It's Thyme For Slow-Cooker Beef Stew

I'm not impressed with any of the recipes I've tried out over the last few years, so I've gone and developed my own. Well, I'm developing my own; it may take some tweaking. Here it is as stands:

November 1, 2009 Version
Thyme For Slow-Cooker Beef Stew

2 lbs of your favorite cut of beef for stew, cut into 1-inch cubes
1/2 cup whole wheat flour (you have my permission to use all-purpose if you prefer)
1/4 tsp sea salt
1/2 tsp freshly ground black pepper
2 Tbsp olive oil
1 to 2 bay leaves (depending on preference)
1/2 tsp dried thyme
1/2 tsp dried rosemary, finely chopped
1/2 tsp garlic powder
1/8 cup Bragg's Liquid Aminos (use low-sodium soy sauce if you must)
3-4 cups good quality beef broth
1/2 to 3/4 of a small bag of baby carrots (hey, it saves time!)
1 large onion, chopped
2 pounds of diced potatoes (I like 'em home grown.)

In a bowl, mix the flour, salt and pepper. Dredge the beef in the flour mixture.
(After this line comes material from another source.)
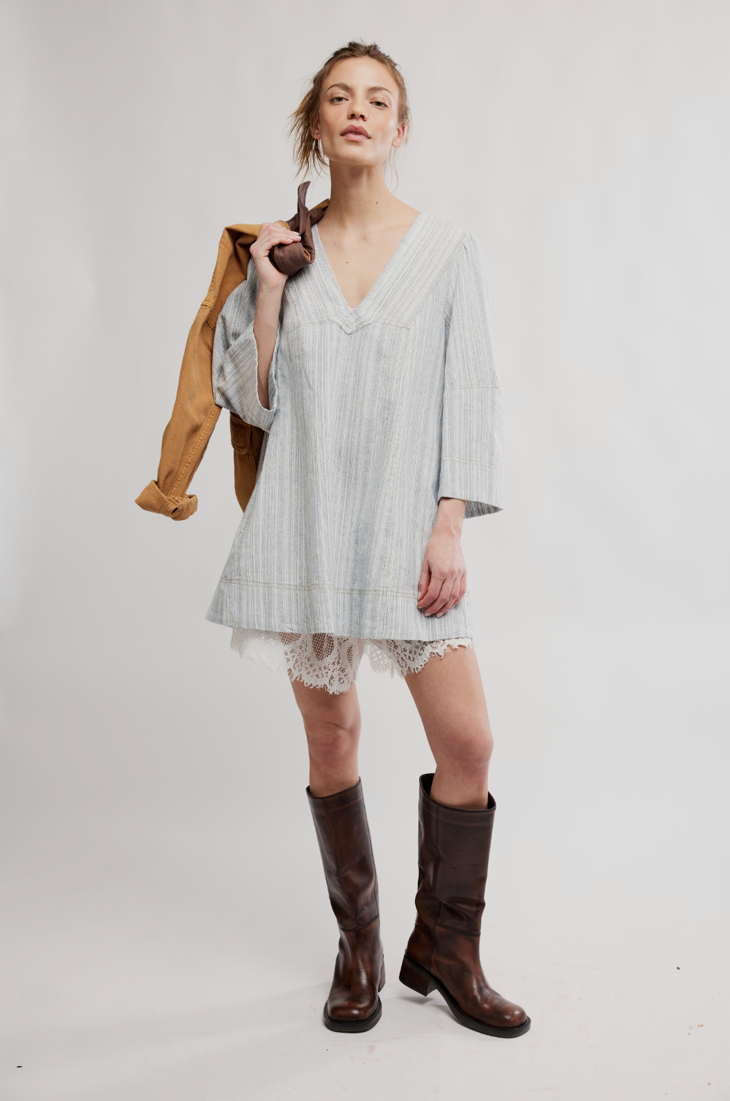 Create an accountEffortlessly versatile, this long sleeve linen knit mini dress combines textured comfort with understated elegance. Rendered in a soft indigo blue with subtle striping, it features a flattering plunging V neckline that adds refined allure. Transition seamlessly from day to evening—pair it with denim shorts for a casual look, layer it over swimwear as a poolside cover-up, or wear it solo for an effortlessly chic ensemble. The relaxed fit and natural linen blend ensure breathable comfort whether you're dressing up or down.

Heat the olive oil in a skillet. Add the beef to the hot skillet and cook until all sides are nicely browned.

In a 4-quart slow-cooker, combine the browned beef and the rest of the ingredients. Cook over low heat for 8 hours, or on high for 4 hours.

If you added too much beef broth and it's more soupy than stewy (ok, I made that word up) you can use a cornstarch roux to thicken it up a bit.